You can qualify for a mortgage when you’re self-employed

Posted on April 7th, 2017

In BC, about 18% of the workforce is self-employed, according to Statistics Canada.

Most work out of their homes. If you’re one of them and you’re thinking of buying a home, when you go shopping for a mortgage, you should be prepared since you’ll be treated differently than if you work for someone else.

To increase your chances of qualifying, you’ll need to be familiar with what lenders require and what questions they’ll ask.

Mortgage lenders at banks and credit unions consider you to be self-employed if you:

  • run a business alone as a sole proprietor, with a partner, or as a corporation;
  • receive 25 per cent or more of your income from the business;
  • work on short contracts for different employers; or
  • are paid solely on a commission basis.

You’re not self-employed if you receive a regular paycheque from an employer, even if it’s part-time work performed for more than one employer. Under these circumstances you are considered a salaried employee.

Lenders evaluate salaried and self-employed borrowers the same way − on the size of their downpayment and on their ability to repay the mortgage. But there is a difference. Salaried borrowers must verify gross income through paycheques or a letter from an employer. Self-employed borrowers must verify net income, or what’s left after business deductions are subtracted from gross earnings.

For example, as a self-employed person, if you make $100,000 annually in gross earnings but write off $30,000 for business expenses, you have net earnings of $70,000. Unless you have documentation to convince lenders your net income is higher, you’ll be treated the same way as a salaried employee making $70,000 annually.

As proof that you have a viable business and a good credit rating, and you’re making timely payments on loans and monthly bills, you’ll need to provide the past two years of the following documents:

  1. monthly bank statement;
  2. corporate tax return;
  3. business balance sheet;
  4. profit-and-loss statement;
  5. business credit card statements; and
  6. credit references or letters from financial institutions.

Some lenders may also ask for proof that your industry is growing and has prospects for future growth.

Lenders will average your earnings over a minimum of two years to get a big picture of your finances.
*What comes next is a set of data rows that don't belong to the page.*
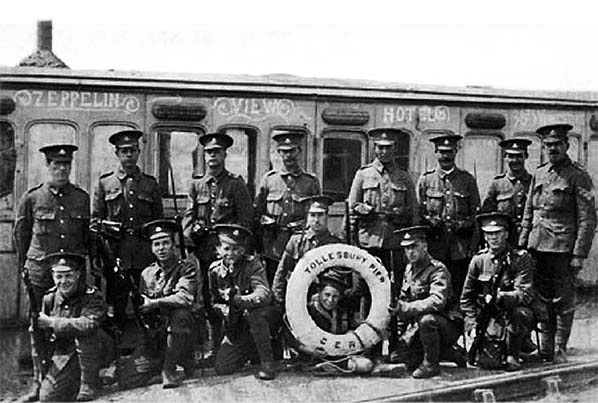 Photo from John Mann collection ![]() The Zeppelin View Hotel, 2/8 Worcesters at Tollesbury Pier in 1915. A little more information can be found in the main text. What is not known is if the carriage body was the second example to be placed at Pier station, more or less opposite the station building, or if it was a third provided specifically for the Worcesters and removed at the end of the war. Note the GER lifebelt, no doubt 'borrowed' for the photograph to identify the location despite the caption which would have been added subsequently. In the First World War there was not the urgency to conceal locations as there was in the Second.
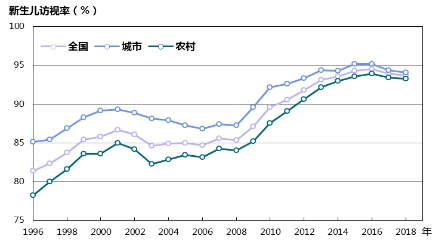 圖14 1996—2018年城鄉(xiāng)新生兒訪視率變化趨勢(shì)
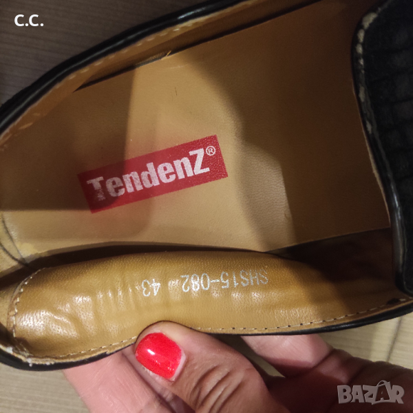 Елегантни обувки Tendenz. Естествена кожа. Подходящи за всеки ден или за повод. По етикет са 43 номер, стелка измерена от мен 27,5 см. Цена 18 лв. Нямат скъсано или разлепено. Имат малка забележка- на едната пета подметката е леко изтъркана. Видимо и на снимките. Но не е нещо фрапиращо!
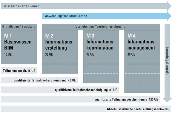 Das Qualifizierungsprogramm BIM besteht aus einem zweitägigen Basismodul und drei vier- bzw. fünftägigen Vertiefungsmodulen. Die vier Module sind aufeinander aufbauend und werden in chronologischer Reihenfolge absolviert. Im letzten Modul schließt die Qualifizierung mit einem Leistungsnachweis zum Erwerb der Abschlussurkunde ab. Der Gesamtumfang beträgt inkl. des Abschlusstages 16 Tage (128 UE)
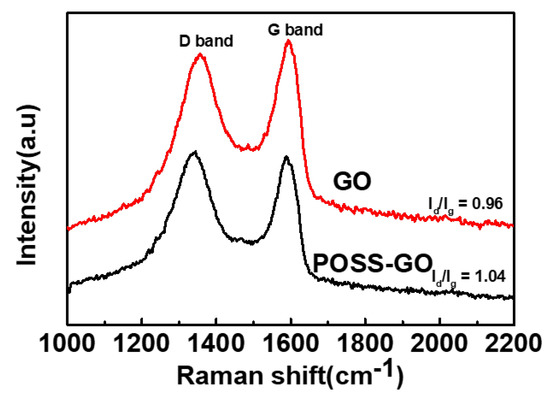 Raman spectra analysis of GO and POSS-GO, with Id/Ig ratio values representing the extent of functionalization of GO using POSS.
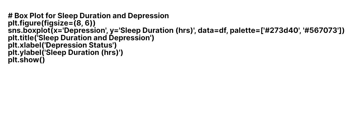 На этом квадратичном графике показано распределение продолжительности сна для студентов с депрессией и без нее. Это помогает проанализировать, коррелирует ли депривация сна с уровнем депрессии, и дает представление о том, как продолжительность сна варьируется у студентов с депрессией и без депрессии.
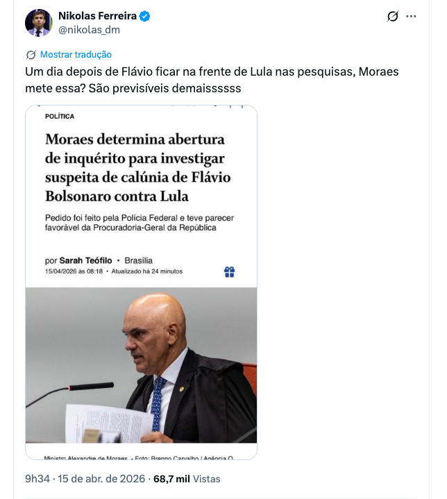 “Um dia depois de Flávio ficar na frente de Lula nas pesquisas, Moraes mete essa? São previsíveis demaissssss.”
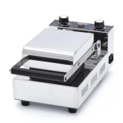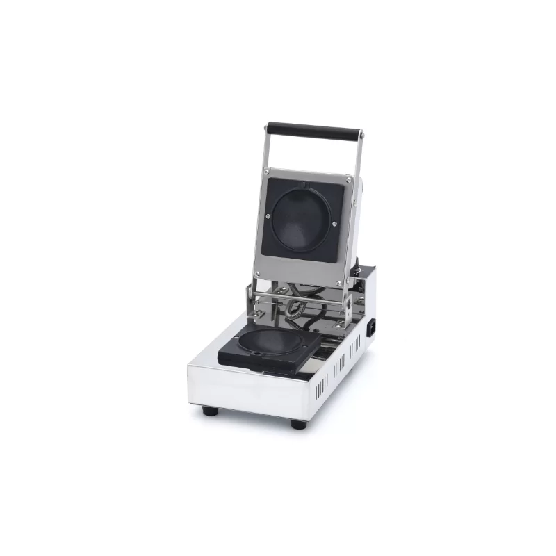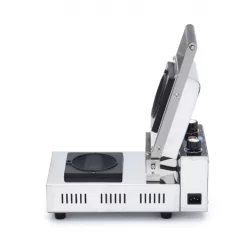 Avec cette machine à panini au gelato, vous pouvez préparer de délicieux paninis à la crème glacée, un petit pain croustillant fourré à la crème glacée. Il dispose de deux boutons rotatifs pour la température et la minuterie. L'appareil à panini au gelato est composé d'un boîtier en acier inoxydable et d'une plaque de cuisson en aluminium avec revêtement antiadhésif. Parfaite pour les salons de crème glacée.
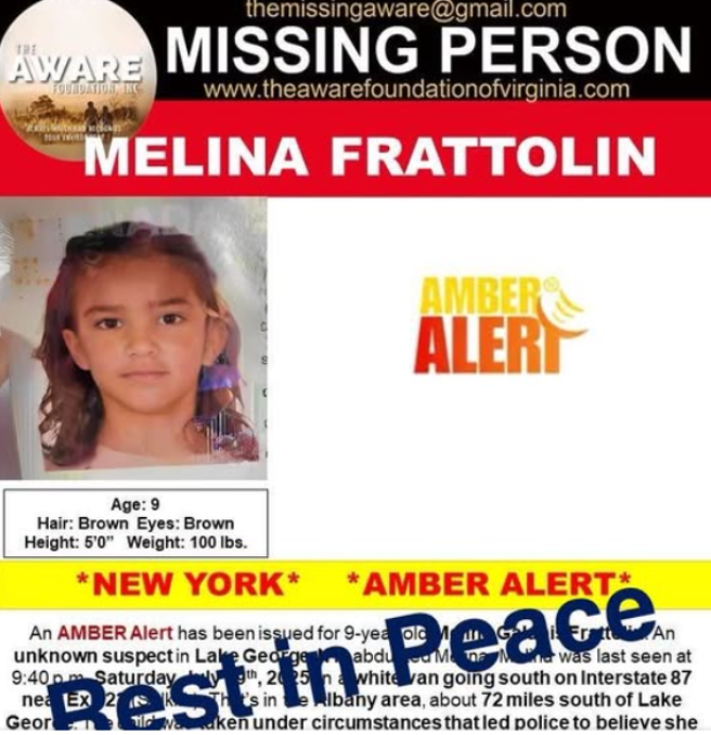 据加美多家媒体今日(7月21日)报道,加拿大魁北克省蒙特利尔一名9岁女孩Melina Frattolin在美国纽约州失踪并最终被发现遇害,其父亲Luciano Frattolin于7月21日被警方逮捕,现被控二级谋杀及掩盖尸体罪。这起案件震惊北美,引发广泛关注。
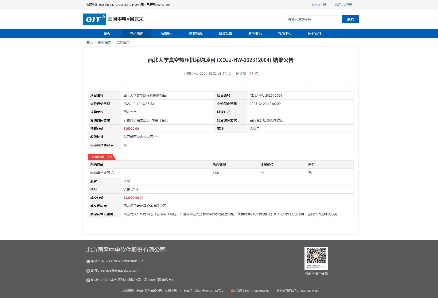 广发体育真空热压机采购项目 (XDJJ-HW-202312004) 竞价结果公告 作者: 编辑:采购与招标办公室 时间:2023-12-22 原公告链接:https://www.ejingcai.com.cn/site/bidding/detail/7982
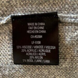 This unique and stylish cardigan from La Fee Verte (sold at Anthropologie) is a great layering piece. The open-front sweater features a geometric gray and cream zigzag and striped pattern. It has a relaxed, draped fit with short kimono sleeves, perfect for transitioning between seasons. Made from a soft and comfortable blend of viscose, acrylic, nylon, and wool.
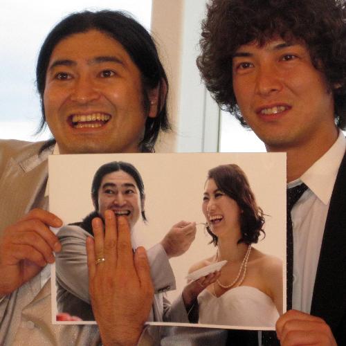 吉本興業から300万円借金して実現した披露宴。石田純一・東尾理子夫妻の披露宴と重なる中、新聞社など11媒体、20人以上の報道陣が集まり「まさかこんなに」と喜んだ。婿養子に入り、本名は鈴木から夫人の猪熊姓に。松田は「なぜ婿養子?イノクマの名字が面白かったのと、遺産目当てです」と“暴露”、会場は爆笑に包まれた。

This means that if your net income in 2016 was $100,000 and your net income in 2015 was $70,000, you may qualify for a loan based on an average income of $85,000.

With the new mortgage rules you’ll need to have a downpayment of at least 20 per cent.

You’ll also need to provide documents including:

  • a letter from your accountant;
  • proof that you pay your rent on time; and
  • a personal balance sheet showing assets such as stocks, and debts such as credit cards or car loans.

Make photocopied sets of all your documents and prepare them as a package. Also have them available electronically so you can email them to lenders.

Since you’ll likely shop for a mortgage at different financial institutions or using a mortgage broker, you’ll want to present yourself as an organized and responsible borrower.

As a self-employed business owner, getting a mortgage with a good interest rate depends on your ability to maintain payments and your preparation.